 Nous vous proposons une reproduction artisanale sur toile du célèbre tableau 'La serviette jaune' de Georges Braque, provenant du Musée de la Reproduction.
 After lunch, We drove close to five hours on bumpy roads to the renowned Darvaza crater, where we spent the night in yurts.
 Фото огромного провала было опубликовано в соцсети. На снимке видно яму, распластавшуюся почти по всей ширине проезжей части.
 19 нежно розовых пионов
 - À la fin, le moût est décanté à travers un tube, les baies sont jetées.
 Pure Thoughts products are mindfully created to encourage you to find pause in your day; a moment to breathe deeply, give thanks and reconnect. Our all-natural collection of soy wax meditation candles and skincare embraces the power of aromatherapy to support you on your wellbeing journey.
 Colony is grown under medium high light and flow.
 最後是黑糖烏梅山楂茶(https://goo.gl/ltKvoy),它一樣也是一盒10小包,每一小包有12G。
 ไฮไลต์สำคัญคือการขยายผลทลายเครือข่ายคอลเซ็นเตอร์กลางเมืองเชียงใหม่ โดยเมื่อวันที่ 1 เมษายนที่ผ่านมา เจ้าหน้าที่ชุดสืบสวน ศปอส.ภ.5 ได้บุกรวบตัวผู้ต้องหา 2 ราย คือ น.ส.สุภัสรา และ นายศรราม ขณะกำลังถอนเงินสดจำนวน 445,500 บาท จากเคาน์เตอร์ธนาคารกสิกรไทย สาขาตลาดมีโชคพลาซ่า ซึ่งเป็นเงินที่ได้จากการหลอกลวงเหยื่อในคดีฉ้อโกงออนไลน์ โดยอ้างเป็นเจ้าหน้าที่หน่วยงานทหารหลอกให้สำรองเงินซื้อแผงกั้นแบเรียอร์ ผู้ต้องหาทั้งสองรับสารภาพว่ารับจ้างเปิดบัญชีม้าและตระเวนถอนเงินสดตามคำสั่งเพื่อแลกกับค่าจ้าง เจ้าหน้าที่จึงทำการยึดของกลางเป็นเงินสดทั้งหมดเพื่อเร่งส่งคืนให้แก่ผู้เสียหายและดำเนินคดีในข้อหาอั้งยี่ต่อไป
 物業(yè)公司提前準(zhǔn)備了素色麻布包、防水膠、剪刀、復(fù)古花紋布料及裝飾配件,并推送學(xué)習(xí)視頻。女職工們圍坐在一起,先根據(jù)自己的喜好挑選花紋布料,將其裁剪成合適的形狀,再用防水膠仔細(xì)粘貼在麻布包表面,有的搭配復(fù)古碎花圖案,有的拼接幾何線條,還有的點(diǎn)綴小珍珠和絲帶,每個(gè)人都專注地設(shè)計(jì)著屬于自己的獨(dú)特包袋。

____

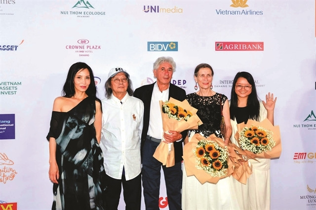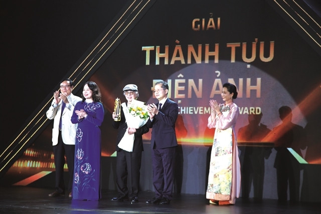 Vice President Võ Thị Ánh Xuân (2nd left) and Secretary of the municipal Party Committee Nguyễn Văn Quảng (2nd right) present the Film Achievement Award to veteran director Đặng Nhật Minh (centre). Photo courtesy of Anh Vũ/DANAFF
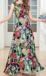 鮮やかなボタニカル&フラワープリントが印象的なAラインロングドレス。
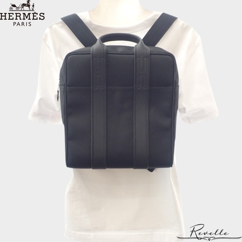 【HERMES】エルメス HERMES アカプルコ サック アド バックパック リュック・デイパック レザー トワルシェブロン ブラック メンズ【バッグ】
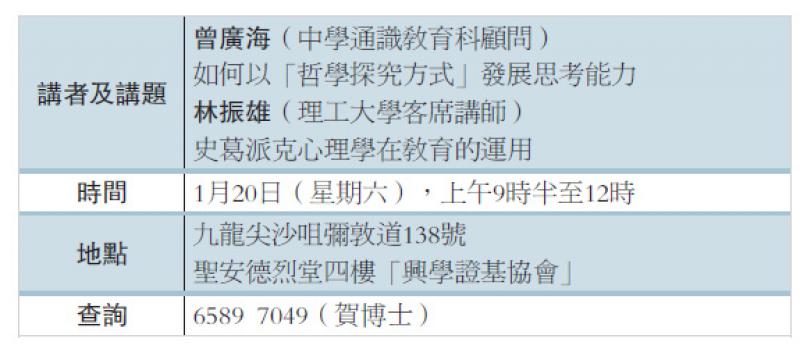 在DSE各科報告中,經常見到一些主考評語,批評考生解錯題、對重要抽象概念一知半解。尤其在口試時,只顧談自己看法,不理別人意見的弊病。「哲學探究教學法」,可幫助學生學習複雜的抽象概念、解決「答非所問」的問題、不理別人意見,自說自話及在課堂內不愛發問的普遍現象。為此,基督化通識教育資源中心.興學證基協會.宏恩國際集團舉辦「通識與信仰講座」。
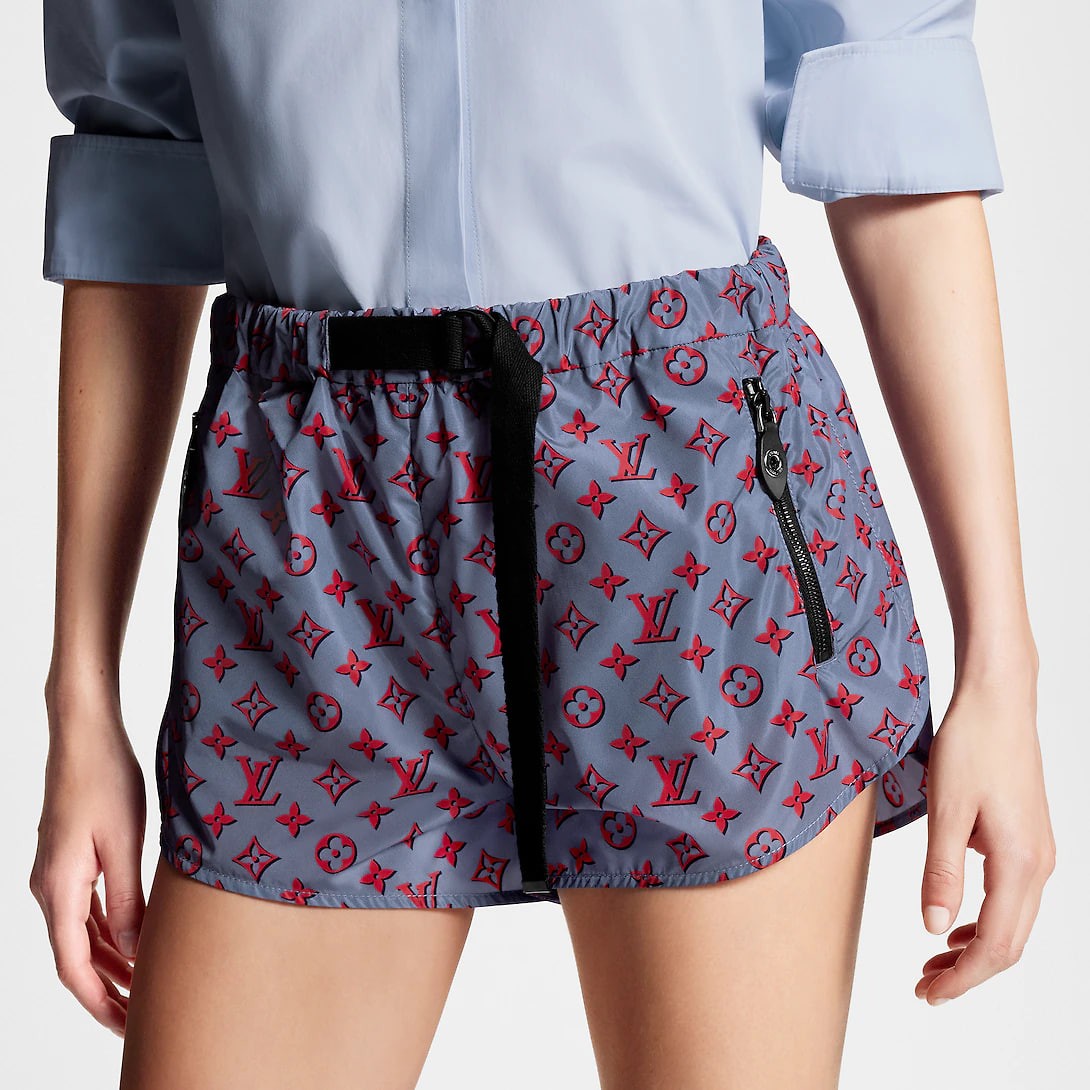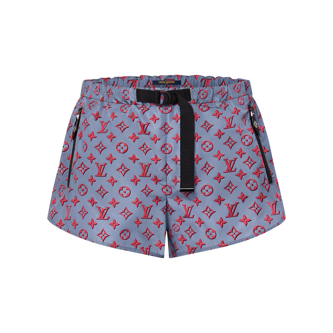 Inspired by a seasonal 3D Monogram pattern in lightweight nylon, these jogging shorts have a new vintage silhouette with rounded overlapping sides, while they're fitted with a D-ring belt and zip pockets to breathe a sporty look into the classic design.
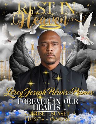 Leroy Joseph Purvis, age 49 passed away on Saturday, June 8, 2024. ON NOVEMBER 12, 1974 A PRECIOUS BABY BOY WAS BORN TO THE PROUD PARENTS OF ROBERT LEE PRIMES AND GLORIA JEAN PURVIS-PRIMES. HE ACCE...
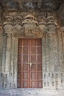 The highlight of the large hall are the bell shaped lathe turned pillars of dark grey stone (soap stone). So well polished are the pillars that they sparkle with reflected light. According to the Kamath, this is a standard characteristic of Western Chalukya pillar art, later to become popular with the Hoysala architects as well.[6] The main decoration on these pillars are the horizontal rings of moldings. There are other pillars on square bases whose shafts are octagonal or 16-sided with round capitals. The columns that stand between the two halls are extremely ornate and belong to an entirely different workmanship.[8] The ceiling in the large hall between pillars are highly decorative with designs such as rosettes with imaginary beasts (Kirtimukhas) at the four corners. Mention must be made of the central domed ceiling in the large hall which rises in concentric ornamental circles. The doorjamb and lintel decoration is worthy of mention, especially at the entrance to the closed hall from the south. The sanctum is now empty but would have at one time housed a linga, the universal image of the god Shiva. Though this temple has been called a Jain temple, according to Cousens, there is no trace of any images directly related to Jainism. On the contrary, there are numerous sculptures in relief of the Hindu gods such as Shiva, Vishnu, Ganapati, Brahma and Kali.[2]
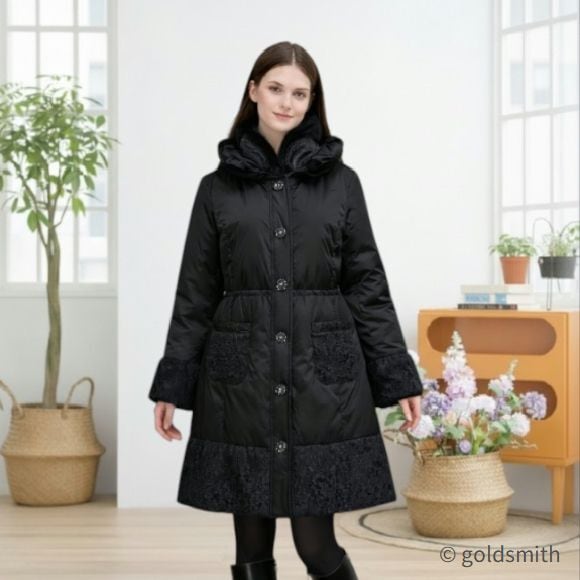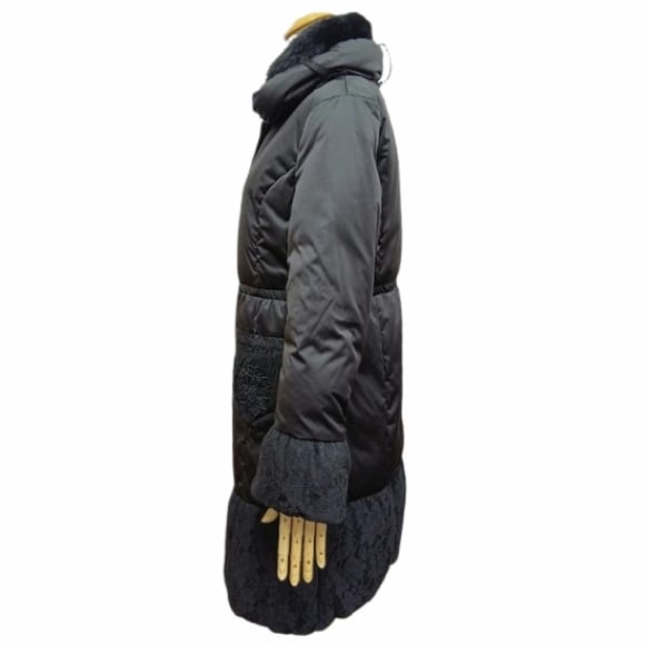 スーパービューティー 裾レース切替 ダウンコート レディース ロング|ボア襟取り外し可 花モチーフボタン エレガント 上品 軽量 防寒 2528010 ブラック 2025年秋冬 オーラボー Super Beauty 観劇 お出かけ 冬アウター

____

* _PROMPT_
Above are the records; from them, give again exactly the lines from the one containing "Colony is grown" through the one containing "物業(yè)公司提前準(zh", both included.

* _RESPONSE TO THIS TASK_
 Colony is grown under medium high light and flow.
 最後是黑糖烏梅山楂茶(https://goo.gl/ltKvoy),它一樣也是一盒10小包,每一小包有12G。
 ไฮไลต์สำคัญคือการขยายผลทลายเครือข่ายคอลเซ็นเตอร์กลางเมืองเชียงใหม่ โดยเมื่อวันที่ 1 เมษายนที่ผ่านมา เจ้าหน้าที่ชุดสืบสวน ศปอส.ภ.5 ได้บุกรวบตัวผู้ต้องหา 2 ราย คือ น.ส.สุภัสรา และ นายศรราม ขณะกำลังถอนเงินสดจำนวน 445,500 บาท จากเคาน์เตอร์ธนาคารกสิกรไทย สาขาตลาดมีโชคพลาซ่า ซึ่งเป็นเงินที่ได้จากการหลอกลวงเหยื่อในคดีฉ้อโกงออนไลน์ โดยอ้างเป็นเจ้าหน้าที่หน่วยงานทหารหลอกให้สำรองเงินซื้อแผงกั้นแบเรียอร์ ผู้ต้องหาทั้งสองรับสารภาพว่ารับจ้างเปิดบัญชีม้าและตระเวนถอนเงินสดตามคำสั่งเพื่อแลกกับค่าจ้าง เจ้าหน้าที่จึงทำการยึดของกลางเป็นเงินสดทั้งหมดเพื่อเร่งส่งคืนให้แก่ผู้เสียหายและดำเนินคดีในข้อหาอั้งยี่ต่อไป
 物業(yè)公司提前準(zhǔn)備了素色麻布包、防水膠、剪刀、復(fù)古花紋布料及裝飾配件,并推送學(xué)習(xí)視頻。女職工們圍坐在一起,先根據(jù)自己的喜好挑選花紋布料,將其裁剪成合適的形狀,再用防水膠仔細(xì)粘貼在麻布包表面,有的搭配復(fù)古碎花圖案,有的拼接幾何線條,還有的點(diǎn)綴小珍珠和絲帶,每個(gè)人都專注地設(shè)計(jì)著屬于自己的獨(dú)特包袋。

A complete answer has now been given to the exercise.